Roel holds a PhD in econometrics, is a senior research fellow at the London School of Economics, and has published widely on the econometric analysis of high frequency data and FX trading.
Emiliano Pagnotta (Imperial College London)
Emiliano Pagnotta is an Assistant Professor of Finance at Imperial College Business School. His research focuses on the exchange and valuation of financial assets and the organization and evolution of the markets where those assets trade. Recent work by Emiliano analyzes the consequences of speed and fragmentation in financial markets, the identification of private information in stock and derivatives markets, and the valuation of Bitcoin and other blockchain assets. His research is regularly presented in leading academic and professional conferences and published in academic journals such as Econometrica and The Review of Financial Studies.

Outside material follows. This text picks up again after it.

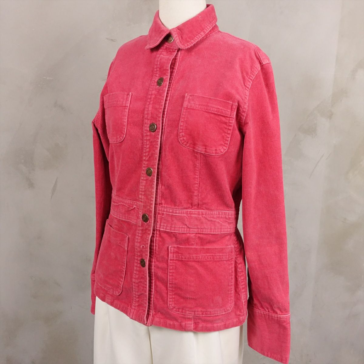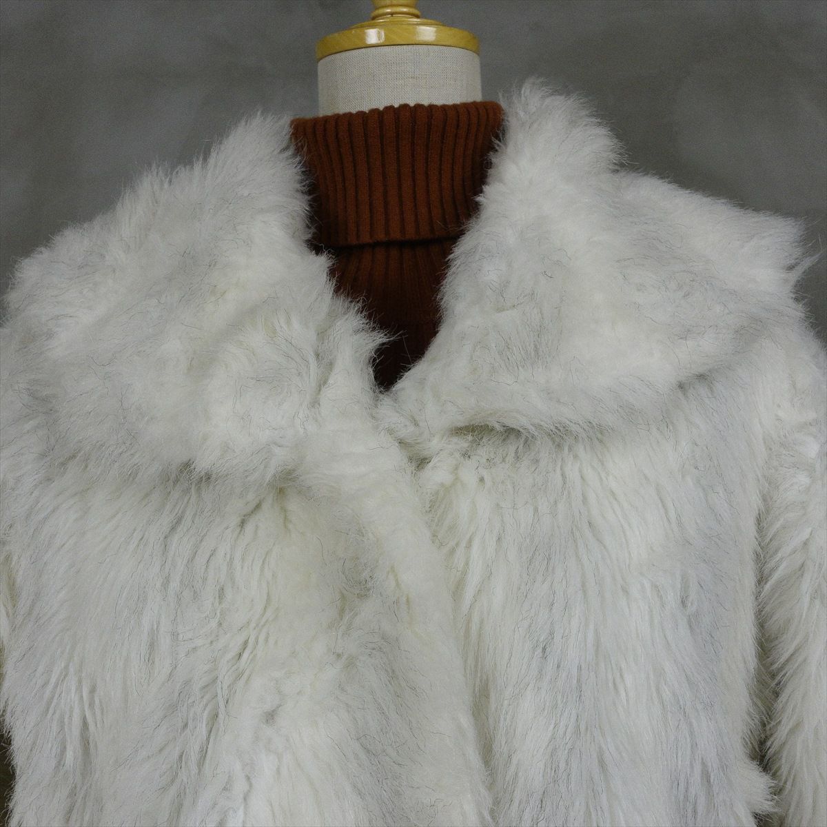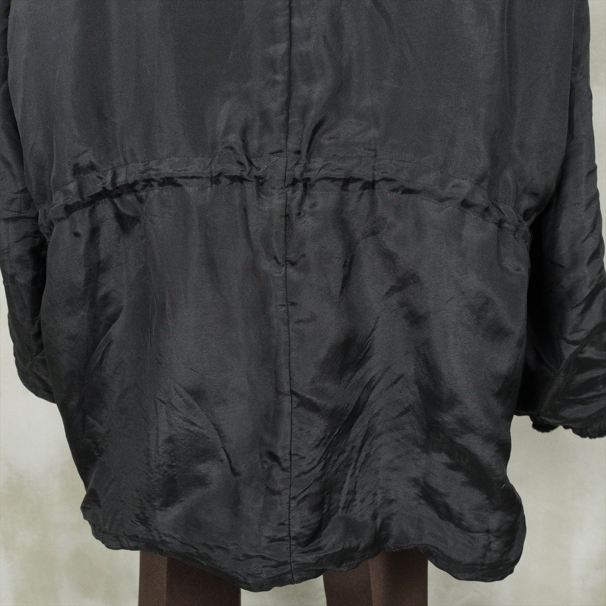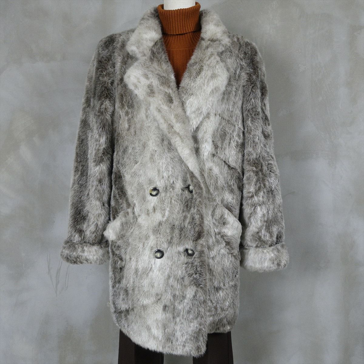 合皮のレザーで作られたノーカラーのコートです。 シンプルな作りですが、ステッチがアクセントとなり一枚で可愛いデザインです。 ウェストのベルトを絞るとワンピースのようにも着て頂けます。 古着では珍しい肩の落ちるデザインの為、着こなしやすいレザーアイテムです。

Before joining Imperial College, Emiliano Pagnotta was at the New York University Stern School of Business. He holds a BA in Economics from the University of Buenos Aires, an MA in Economics from Universidad de San Andrés, Argentina, and a Ph.D. in Economics from Northwestern University.
Yajun Wang (Baruch College)
Yajun Wang is an Associate Professor of Finance at the Zicklin School of Business, Baruch College in New York. She earned her PhD in Finance in 2011 from Olin Business School, Washington University in St Louis. From 2011 to 2018 she joined the Robert H. Smith School of Business as an Assistant Professor of Finance.
Her research focuses on theoretical and empirical asset pricing and market microstructure.
Stefan Zohren (University of Oxford)
Stefan Zohren is an Associate Professor at the Machine Learning Research Group at the Oxford-Man Institute for Quantitative Finance (OMI). Before joining the OMI, Stefan worked on equities market making as a quant researcher/trader at two leading HFT firms in London. Prior to that, he coordinated the Quantum Optimisation and Machine Learning project, a joint research project of Oxford University, Nokia Technologies and Lockheed Martin.
His background is in theoretical physics, probability theory and statistics. Stefan’s research interests include statistical physics approaches to machine learning, information theory and optimisation, quantum computing, as well as machine learning applied to finance, particularly market microstructure and high-frequency data.